## WHAT TO PRODUCE
All of the records below are to be output exactly; no image belongs in the result.

──────

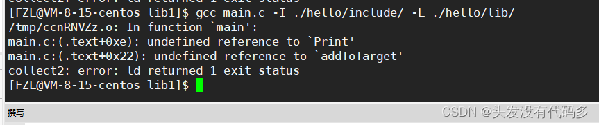 我们已经声明去哪里找头文件和库了,但此时还会报错,这是因为我们无法保证lib路径下只有一个库,我们没有告诉编译器是lib路劲下得哪一个库,用-l(小写L)
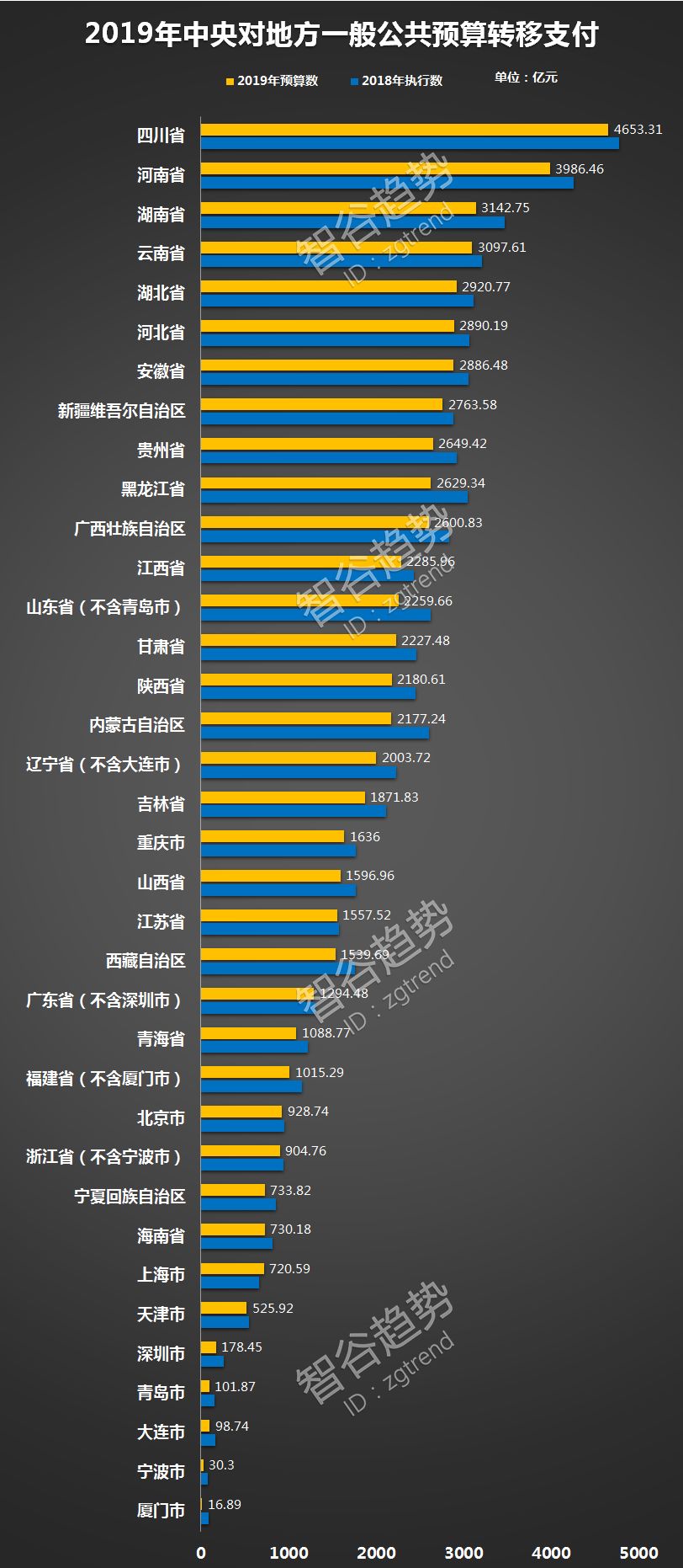 再来看今年各省市从中央一般公共预算中拿到多少钱?
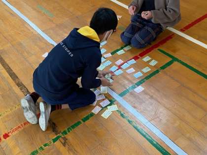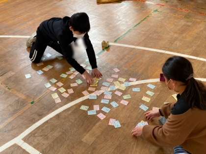 4年生は、講堂で百人一首をしました。
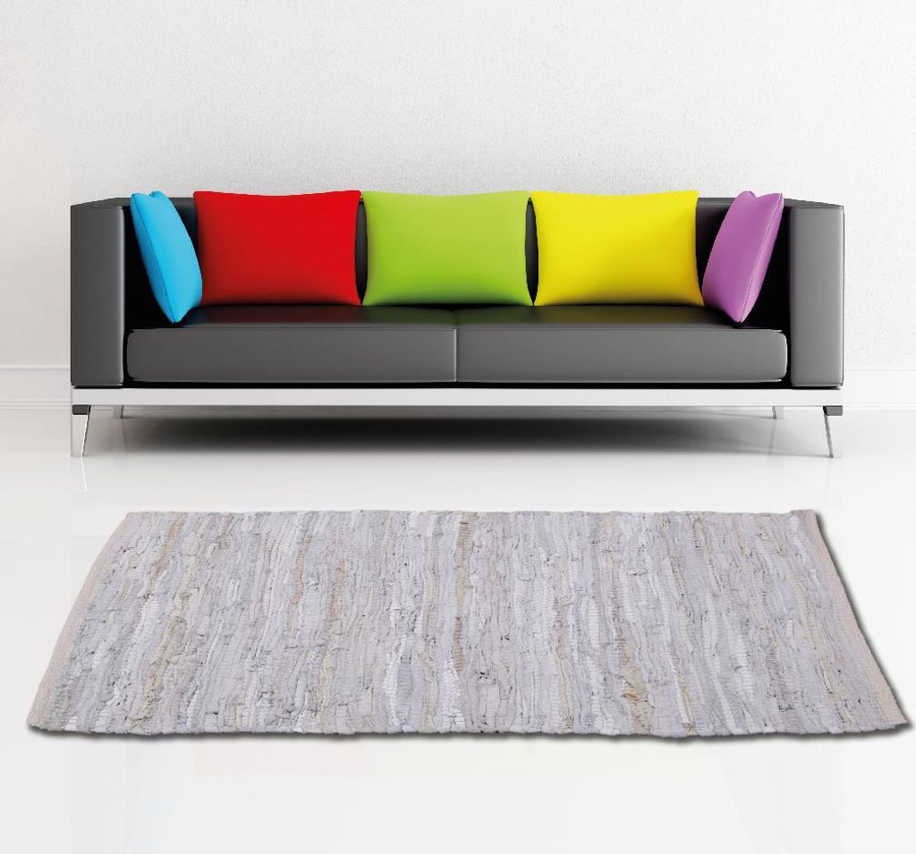 Flickenteppich Lederteppich Teppich strapazierfähig ( 90 x 150cm / Weiß)
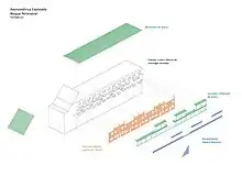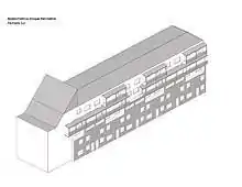 Es un edificio de 1500 metros, atravesado por calles, cuya altura varía entre los 4 y 8 pisos de altura. Tuvo como objetivo trazar una barrera acústica respecto de la autopista que pasaría por el costado del barrio, pero que finalmente nunca se construyó. Esta operación estableció una condición de borde respecto de su interior, dejando las viviendas de menor altura hacia el sur, libres de la sombra proyectada por el edificio perimetral. Su fachada norte tiene dibujado un patrón de ladrillos de diferente color, que unifica el total del muro definiendo la identidad del proyecto.[2] La fachada sur tiene revestimientos en madera y albañilería, y balcones construidos como estructuras añadidas en madera (ver Axonométrica).

──────

## RESPONSE
 我们已经声明去哪里找头文件和库了,但此时还会报错,这是因为我们无法保证lib路径下只有一个库,我们没有告诉编译器是lib路劲下得哪一个库,用-l(小写L)
 再来看今年各省市从中央一般公共预算中拿到多少钱?
 4年生は、講堂で百人一首をしました。
 Flickenteppich Lederteppich Teppich strapazierfähig ( 90 x 150cm / Weiß)
 Es un edificio de 1500 metros, atravesado por calles, cuya altura varía entre los 4 y 8 pisos de altura. Tuvo como objetivo trazar una barrera acústica respecto de la autopista que pasaría por el costado del barrio, pero que finalmente nunca se construyó. Esta operación estableció una condición de borde respecto de su interior, dejando las viviendas de menor altura hacia el sur, libres de la sombra proyectada por el edificio perimetral. Su fachada norte tiene dibujado un patrón de ladrillos de diferente color, que unifica el total del muro definiendo la identidad del proyecto.[2] La fachada sur tiene revestimientos en madera y albañilería, y balcones construidos como estructuras añadidas en madera (ver Axonométrica).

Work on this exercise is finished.